Optical properties of LFZ grown β-Ga2O3:Eu3+ fibres

Abstract

Due to their relevance for electronic and optoelectronic applications, transparent conductive oxides (TCO) have been extensively studied in the last decades. Among them, monoclinic β-Ga2O3 is well known by its large direct bandgap of ∼4.9eV being considered a deep UV TCO suitable for operation in short wavelength optoelectronic devices. The wide bandgap of β-Ga2O3 is also appropriate for the incorporation of several electronic energy levels such as those associated with the intra-4fn configuration of rare earth ions. Among these, Eu3+ ions (4f6) are widely used as a red emitting probes both in organic and inorganic compounds. In this work, undoped and Eu2O3 doped (0.1 and 3.0mol%) Ga2O3 crystalline fibres were grown by the laser floating zone approach.
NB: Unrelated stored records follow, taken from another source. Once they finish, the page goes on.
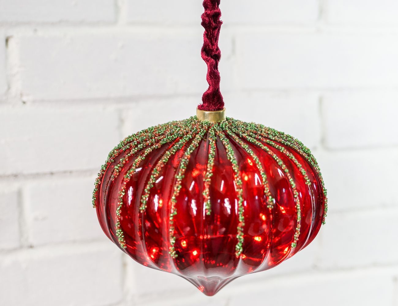 До чего же красива эта изящная рубиновая 'луковка', украшенная нежно-мерцающими искорками и кажется, будто в ней скрывается какая-то тайна… Впрочем, возможно и не кажется, потому что внутри этого удивительного украшения 'живут' крошечные тёплые огоньки и, когда они загораются, словно раскрывается секрет его завораживающей красоты!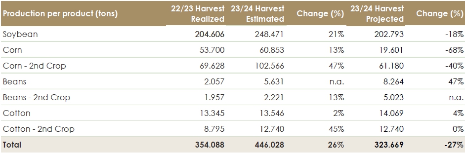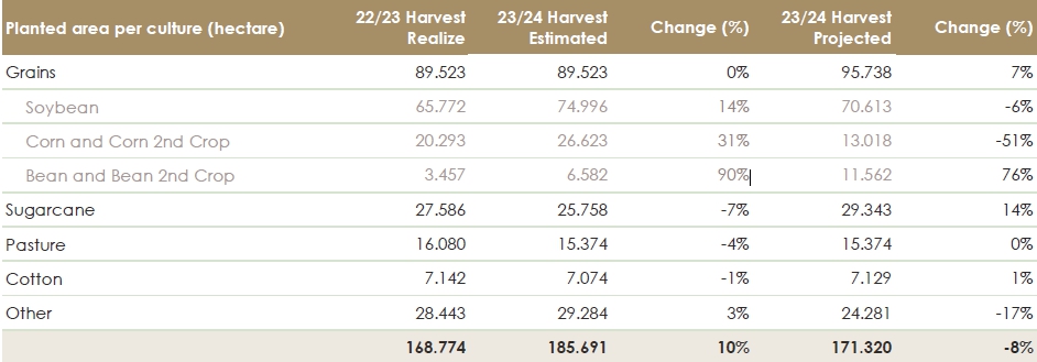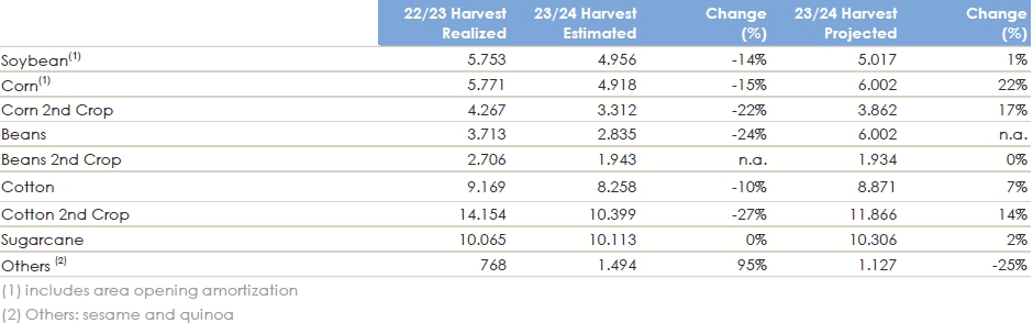 BrasilAgro – Companhia Brasileira de Propriedades Agrícolas (B3: AGRO3) (NYSE: LND), leader in Brazil in the acquisition, development and sale of rural properties with high potential for appreciation, informs its shareholders and the market in general its estimates and updates of the agricultural operations for the 2023/2024 harvest year.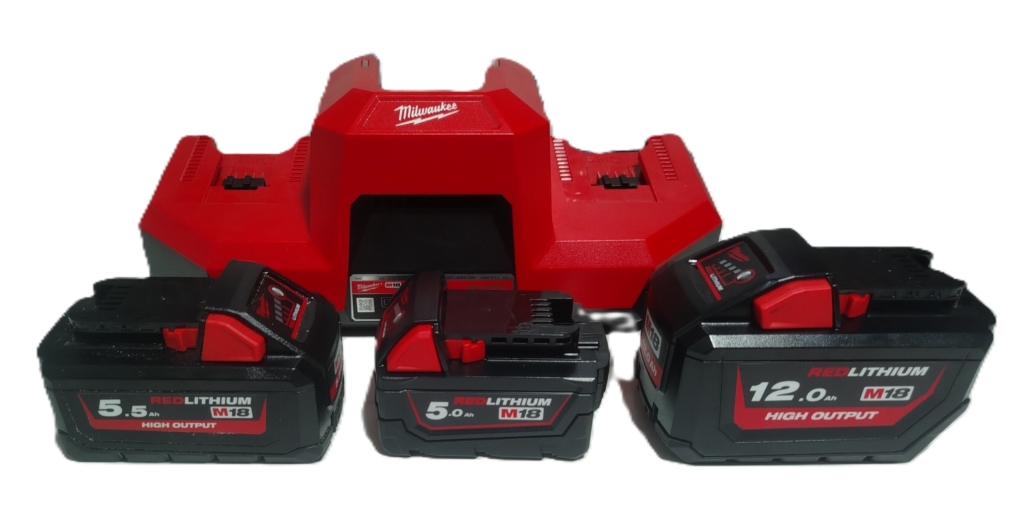 - 3 akkua (5,0 Ah, 5,5 Ah ja 12,0 Ah)

All fibres were found to stabilize in the monoclinic β-Ga2O3 structure while for the heavily doped fibres the X-ray diffraction patterns show, in addition a cubic europium gallium garnet phase, Eu3Ga5O12. The spectroscopic properties of the undoped and Eu doped fibres were analysed by Raman spectroscopy, low temperature photoluminescence (PL) and photoluminescence excitation (PLE). The Eu3+ luminescence is mainly originated in the garnet, from where different europium site locations can be inferred. The spectral analysis indicates that at least one of the centres corresponds to Eu3+ ions in dodecahedral site symmetry. For the lightly doped samples, the spectral shape and intensity ratio of the 5D0→7FJ transitions is totally different from those on Eu3Ga5O12, suggesting that the emitting ions are placed in low symmetry sites in the β-Ga2O3 host.